▶ [Work request] Below are the records; print exactly the lines from the one with "11 mar. 2027 Ramdan Bayram Holiday" through the last, both included, and leave the pictures out.

Segment Start: Provided data

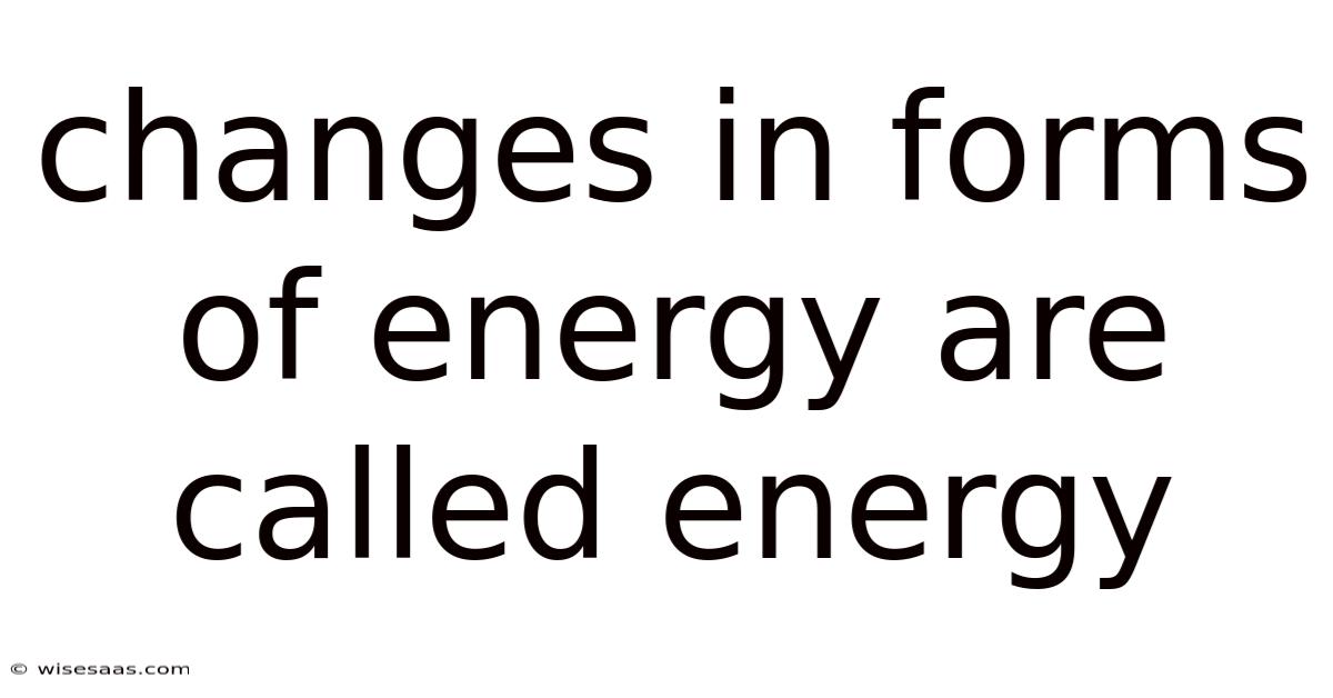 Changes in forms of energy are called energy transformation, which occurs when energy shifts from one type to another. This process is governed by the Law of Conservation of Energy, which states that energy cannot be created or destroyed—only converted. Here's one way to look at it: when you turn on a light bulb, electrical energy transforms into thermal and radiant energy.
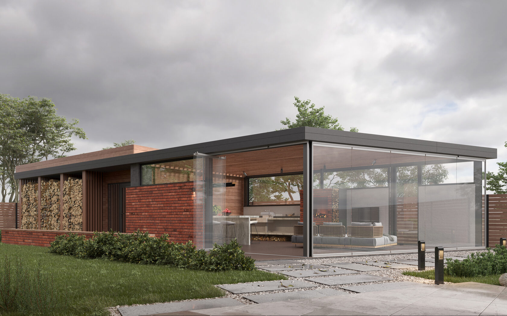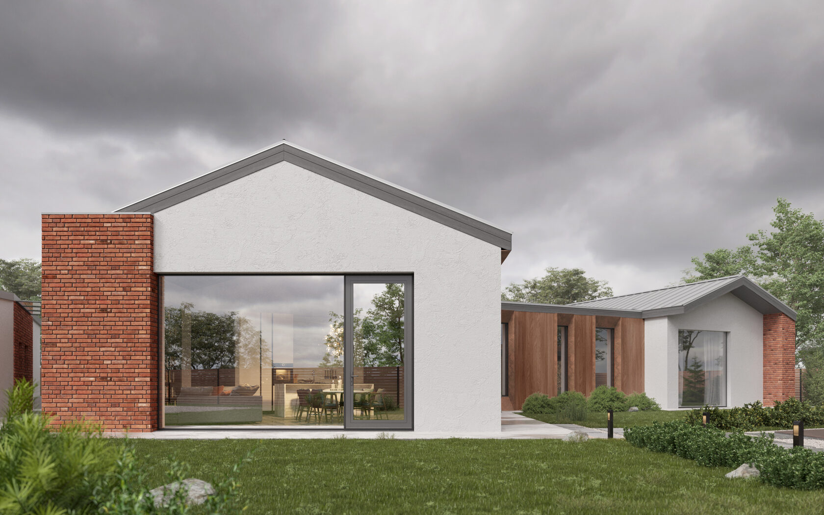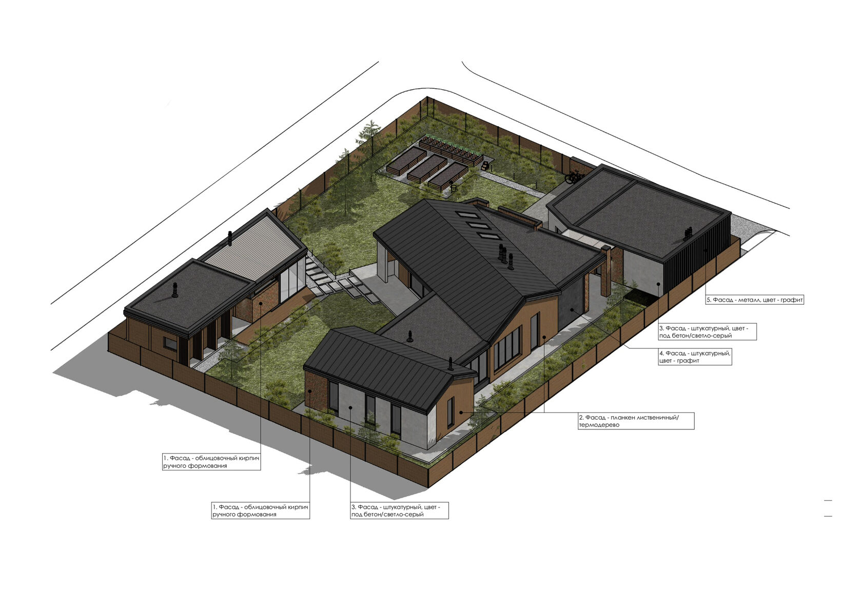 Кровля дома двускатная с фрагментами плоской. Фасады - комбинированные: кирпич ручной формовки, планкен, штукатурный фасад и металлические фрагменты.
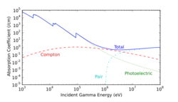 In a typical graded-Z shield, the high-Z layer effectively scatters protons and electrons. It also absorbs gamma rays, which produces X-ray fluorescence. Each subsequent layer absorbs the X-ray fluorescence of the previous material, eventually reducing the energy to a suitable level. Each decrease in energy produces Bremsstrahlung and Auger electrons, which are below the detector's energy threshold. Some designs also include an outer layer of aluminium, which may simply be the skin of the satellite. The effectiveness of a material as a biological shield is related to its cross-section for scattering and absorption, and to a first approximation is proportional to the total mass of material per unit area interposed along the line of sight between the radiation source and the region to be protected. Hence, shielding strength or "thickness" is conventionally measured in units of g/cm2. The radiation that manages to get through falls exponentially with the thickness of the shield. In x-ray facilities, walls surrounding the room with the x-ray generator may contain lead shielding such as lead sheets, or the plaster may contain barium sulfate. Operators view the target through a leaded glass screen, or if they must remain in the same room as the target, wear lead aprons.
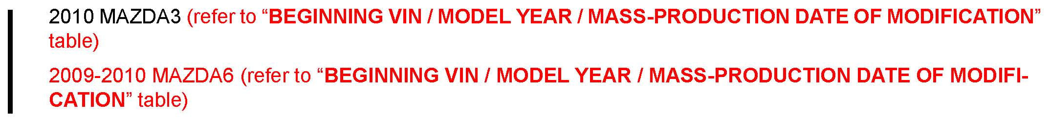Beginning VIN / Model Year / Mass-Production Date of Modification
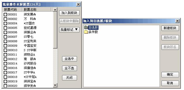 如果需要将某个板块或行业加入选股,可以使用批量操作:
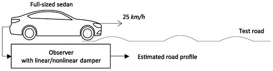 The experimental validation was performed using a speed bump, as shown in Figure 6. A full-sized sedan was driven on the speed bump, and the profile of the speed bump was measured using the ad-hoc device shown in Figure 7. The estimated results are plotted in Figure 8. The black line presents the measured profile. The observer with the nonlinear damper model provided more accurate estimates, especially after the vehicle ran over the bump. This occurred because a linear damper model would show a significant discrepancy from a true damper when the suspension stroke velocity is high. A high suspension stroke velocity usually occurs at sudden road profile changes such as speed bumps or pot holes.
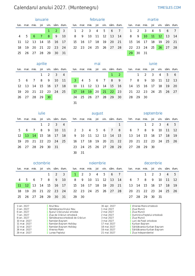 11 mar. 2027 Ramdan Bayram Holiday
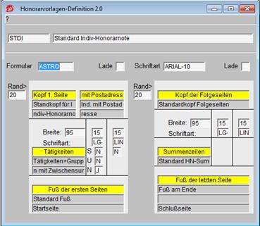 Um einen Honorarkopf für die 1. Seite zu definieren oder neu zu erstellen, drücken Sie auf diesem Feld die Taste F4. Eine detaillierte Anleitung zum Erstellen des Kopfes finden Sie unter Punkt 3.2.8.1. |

Segment End: Provided data

▶ [Solved problem]
 11 mar. 2027 Ramdan Bayram Holiday
 Um einen Honorarkopf für die 1. Seite zu definieren oder neu zu erstellen, drücken Sie auf diesem Feld die Taste F4. Eine detaillierte Anleitung zum Erstellen des Kopfes finden Sie unter Punkt 3.2.8.1. |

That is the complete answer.